The space rock called 2004 EW95 is the first of its kind that researchers found exiled from the inner Solar System.

Researchers said that the asteroid likely formed in the asteroid belt between Jupiter and Mars but was eventually hurled out billions of miles into its new home in the Kuiper Belt.

Scientists have long suspected that many objects in this region originated much closer to Earth but how did they get there?

Ejected Far Into Space

Some theories point to the behavior of gas giants like Saturn and Jupiter during the early stages of the Solar System's formation.

These theories posit that the gas giants did not start their life in a fixed orbit but rather careened through the galaxy accreting materials, bouncing against each other's gravity, and throwing out smaller in their path far into space.

If these theories are correct, some of the asteroids that orbit around Kuiper Belt should be the same carbonaceous asteroids that are commonly found in the asteroid belt between Mars and Jupiter.

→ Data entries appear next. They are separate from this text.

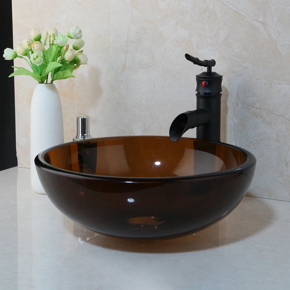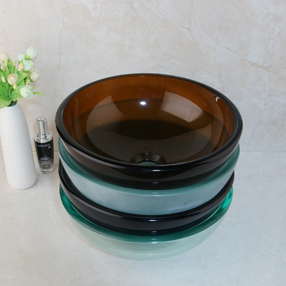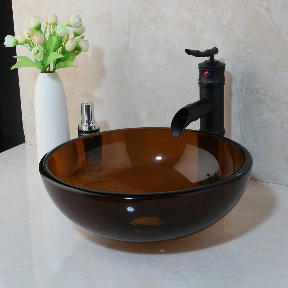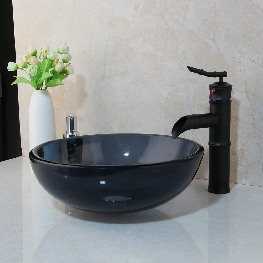 KEMAIDI умывальника закаленное стекло Ручная роспись Совмещенный ванной Ванна Объединить Раковина Chrome латунный смеситель для раковины Tap Bamboo кран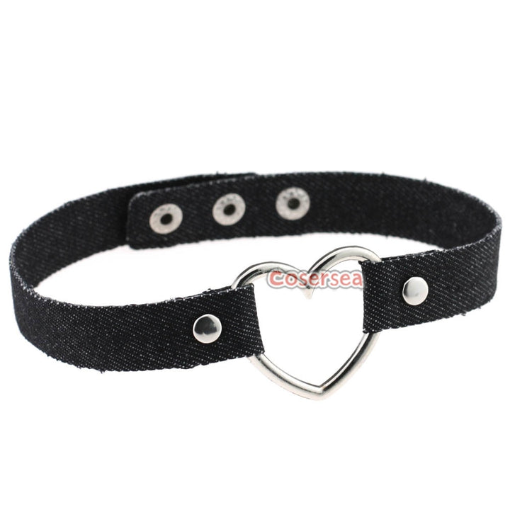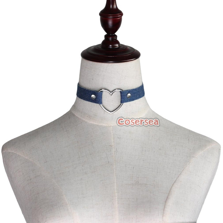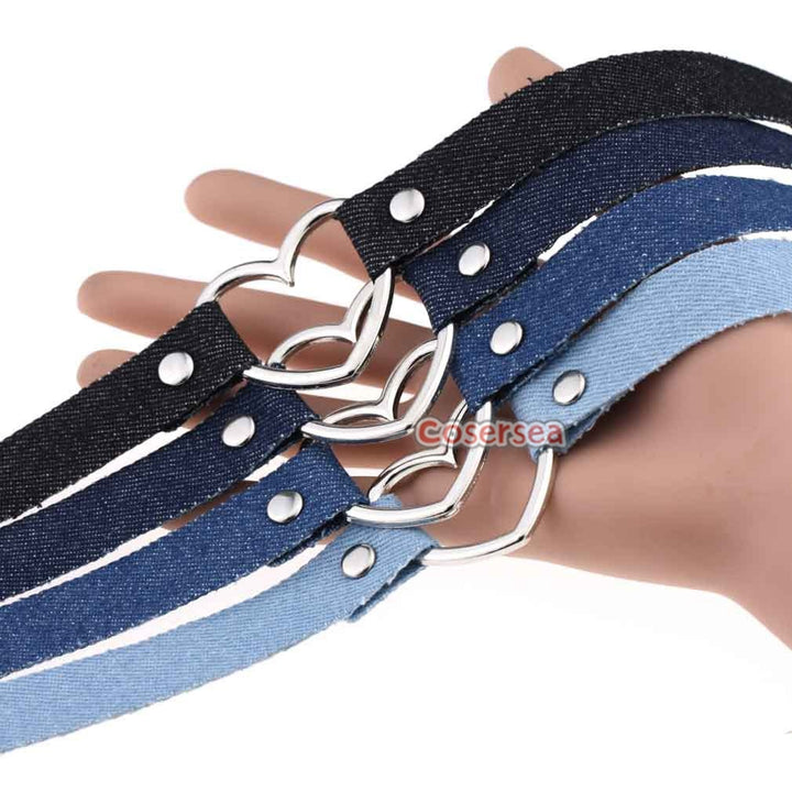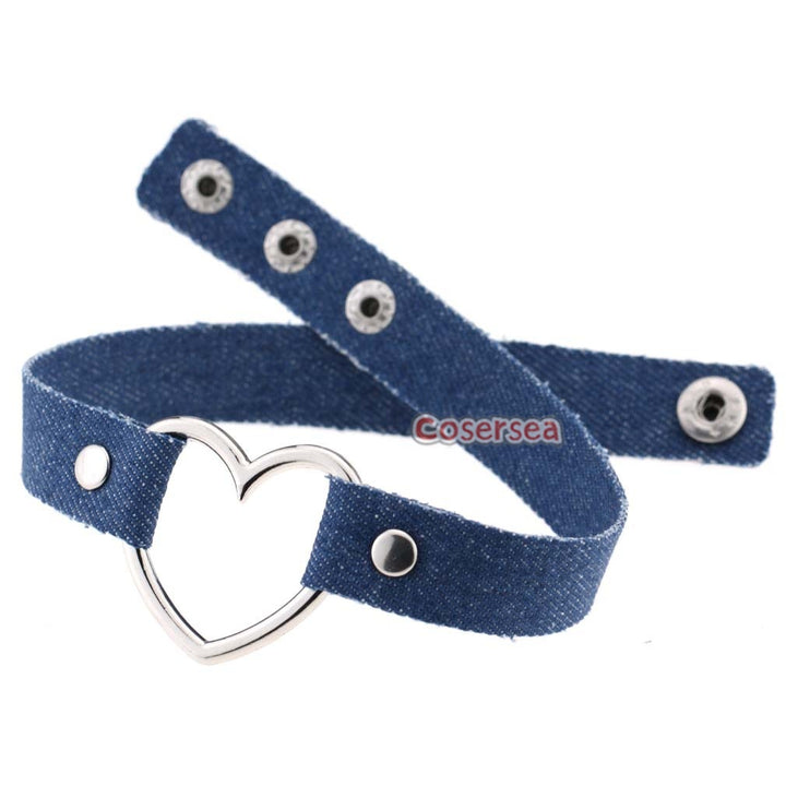 4 Colors Retro Personalized Denim Necklace Heart-shaped Collar Women's Neck Strap Choker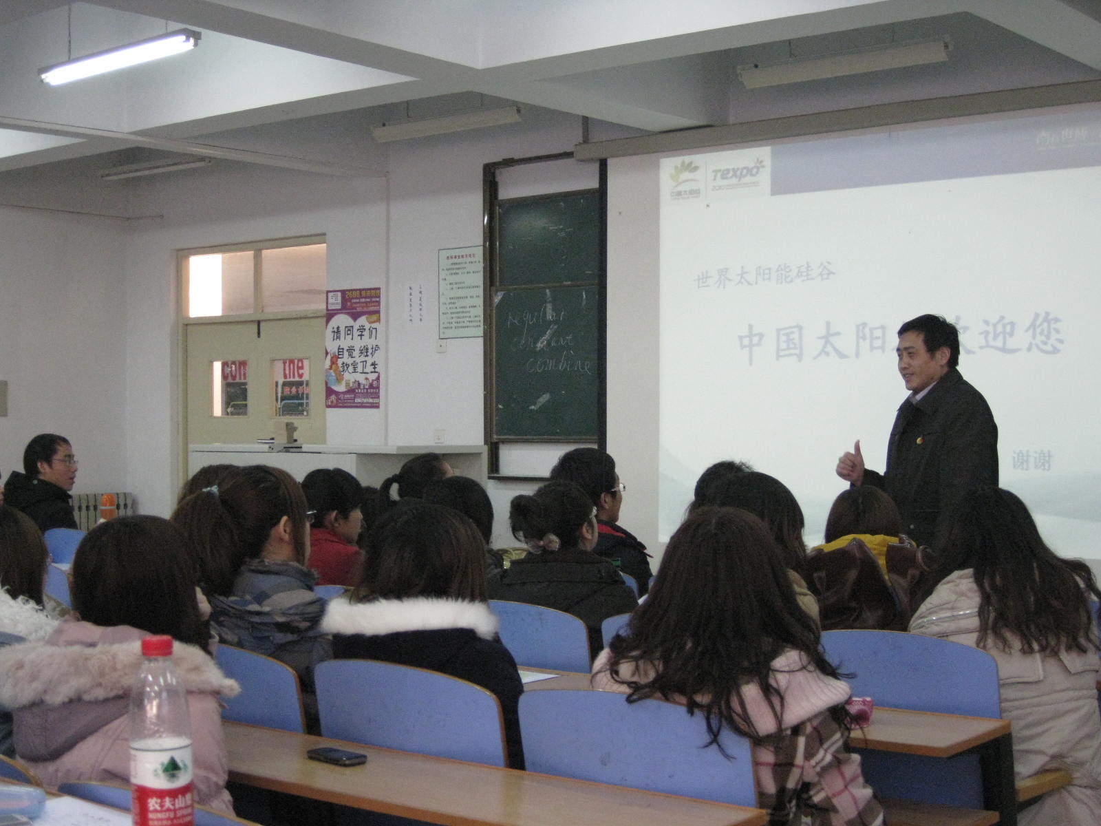 首先,皇明太阳能股份公司的招聘代表佟女士为毕业生播放皇明太阳能“太阳谷”的宣传片,之后将皇明太阳能股份有限公司的公司规模、产品研发、产业布局、发展前景、招聘岗位、基本待遇等情况向毕业生做了较为详细的讲解,并诚挚的邀请BEAT365英国官网的学生加入皇明,同时也欢迎大家有机会去皇明公司参观考察和实习。讲解后,刘朝晖书记代表学院欢迎皇明太阳能股份有限公司佟女士一行,并谈到自己去皇明公司考察的经历,要求全体毕业生转变观念,面向市场。通过对行业和企业的分析,鼓励大家去皇明太阳能实习就业。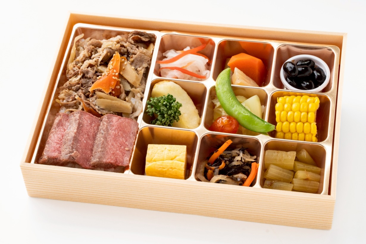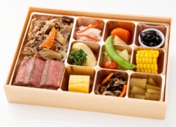 黒毛和牛ごぼう(50g)重/牛ステーキ(50g)/香り爽やか大根なます/煮〆(ごぼう・人参・柚子こんにゃく)/丹波ぶどう豆ふっくら蜜煮(猪口)/北海道十勝産皮つきじゃがいも/蒸し野菜(キャベツ・とうもろこし)/枝豆・トマト/玉子焼き/味染みひじき煮/季節の青菜お浸し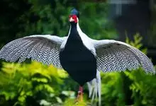 白鹇,是鸡形目雉科鹇属的一种留鸟。雄鸟上体白色并具黑色纹,下体黑色,头顶具黑色长羽冠,尾白而长;雌鸟体型较小,以橄榄褐色为主,下体具白色或皮黄色细纹;虹膜褐色,眼周具红色裸皮,喙黄色,脚鲜红色。…全部>>

Observations of 2004 EW95 revealed the presence of minerals phyllosilicates and ferric oxides.

These minerals suggest that the object formed under conditions similar to those that formed many of the carbonaceous asteroids closer to Earth.

Light reflection data also suggest that the space rock sustained a massive blow that caused it to heat up significantly.

Renegade Gas Giants

Researchers said that the asteroid's characteristics are consistent with the idea that it may have formed near Jupiter along with other carbonaceous asteroids, and that it was thrown into the Kuiper Belt by migrating planets.

If the asteroid is indeed a carbon-rich exile that was kicked out of its original home by a young gas giant, it offers confirmation to theories that gas giants partied up in the early days of the solar system and ejected rocky orbits into far-away orbits.

"The discovery of a carbonaceous asteroid in the Kuiper Belt is a key verification of one of the fundamental predictions of dynamical models of the early Solar System," said ESO astronomer Olivier Hainaut.

The findings were published in The Astrophysical Journal Letters.